Para o secretário executivo do Conselho Indigenista Missionário (Cimi), Antônio Eduardo Cerqueira, o governo é responsável pelas mortes entre os povos originários e poderia ter evitado esses óbitos com investimentos que freassem o acesso de não-indígenas nas aldeias.

“Uma das coisas que achamos fundamental é a proteção dos territórios, era justamente ajudar os indígenas que estavam estabelecendo as barreiras sanitárias e ao mesmo estabelecer maior fiscalização, para impedir invasão aos territórios. Isso não foi feito”, argumenta Cerqueira.

Ana Lúcia Pontes, coordenadora do Grupo Técnico de Saúde Indígena (GTSI) da Associação Brasileira de Saúde Coletiva (Abrasco), lamenta a fragilidade da Funai durante o governo do presidente Jair Bolsonaro (sem partido)

“As instituições indigenistas vinham, desde o ano passado, particularmente a Funai, num processo de desmonte e enfraquecimento, com cortes orçamentários, diminuição de suas estruturas, que iriam comprometer a atuação regular do órgão”, explica Pontes.

Cestas básicas

Os recursos utilizados pela Funai não seriam para medidas como tratamento e assistência médica. Para essa finalidade, existe a Secretaria Especial de Saúde Indígena (Sesai), vinculada ao Ministério da Saúde, que atende aos 34 Distritos Sanitários Especiais Indígenas (DSEIs).

De acordo com o portal Transparência Brasil, R$ 3,9 milhões, ou 59% dos R$ 6,6 milhões, foram gastos com cestas básicas; R$ 1,4 milhões com combustível e lubrificante para os carros da Funai; R$ 534 mil com produtos de higiene e limpeza; R$ 124 mil para peças de reposição e apenas R$ 65 mil em equipamentos de proteção.

Cerqueira, secretário do Cimi, reconhece a importância das cestas básicas, mas critica a demora da medida. “Com relação à alimentação, ela chegou tarde. Quando chegou, o coronavírus já estava instalado nas aldeias e boa parte dos indígenas tiveram que sair para buscar essa ajuda fora”, lamentou.

Eloy Terena lamentou a falta de investimento em estrutura e insiste que a Funai poderia utilizar mais recursos com outras finalidades, “que devem ser a preocupação da entidade”. “Poderiam colocar bloqueios nas terras com presença de índios isolados, combater o garimpo e desmatamento ilegal e perfurar poços nas áreas que não tem acesso a água, especialmente nos territórios dos povos Guarani e Kaiowá.”

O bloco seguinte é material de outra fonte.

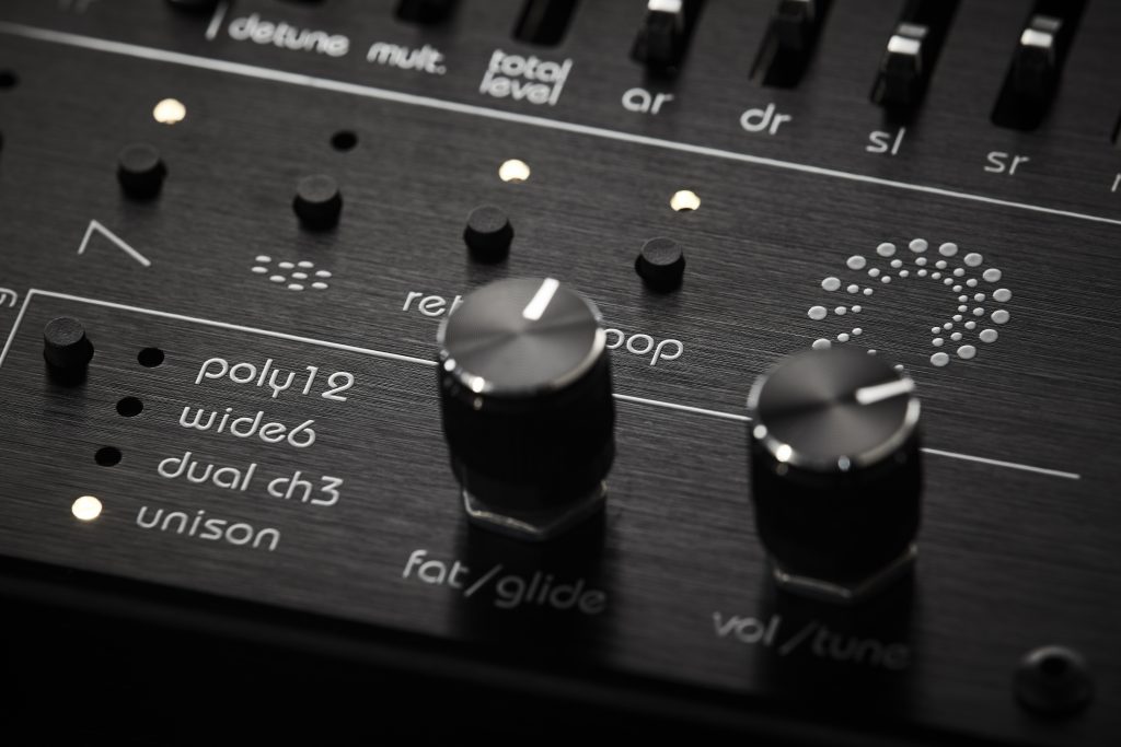 Dual ch3 takes advantage of a special feature of the chip. In this mode, you set the frequencies of the Operators freely and not in relation to each other. This leads to very weird, disharmonic results and is especially interesting for percussion and effect sounds. Unison layering of all 12 voices to a monophonic sound, which can be tuned to a mega-wide chord with the Fat control, is perfect for cinematic trailers. As a secondary function, the slider can be used to adjust glide (i.e. the smooth gliding from one pitch to the next).

A Funai informou que além dos R$ 6,6 milhões já investidos, outros R$ 16,5 já foram liberados e serão utilizados pelo órgão para combater o coronavírus, totalizando R$ 23 milhões em recursos. Porém, a entidade não precisou o prazo que utilizará para aplicar o valor nas aldeias. Além desse valor, em abril deste ano, o governo federal publicou a Medida Provisória 942, que determinou o envio de R$ 10,8 milhões à Funai para investimento na prevenção e combate ao coronavírus dentro das aldeias.

Procurada para comentar os dados, a Funai não respondeu até a publicação desta matéria.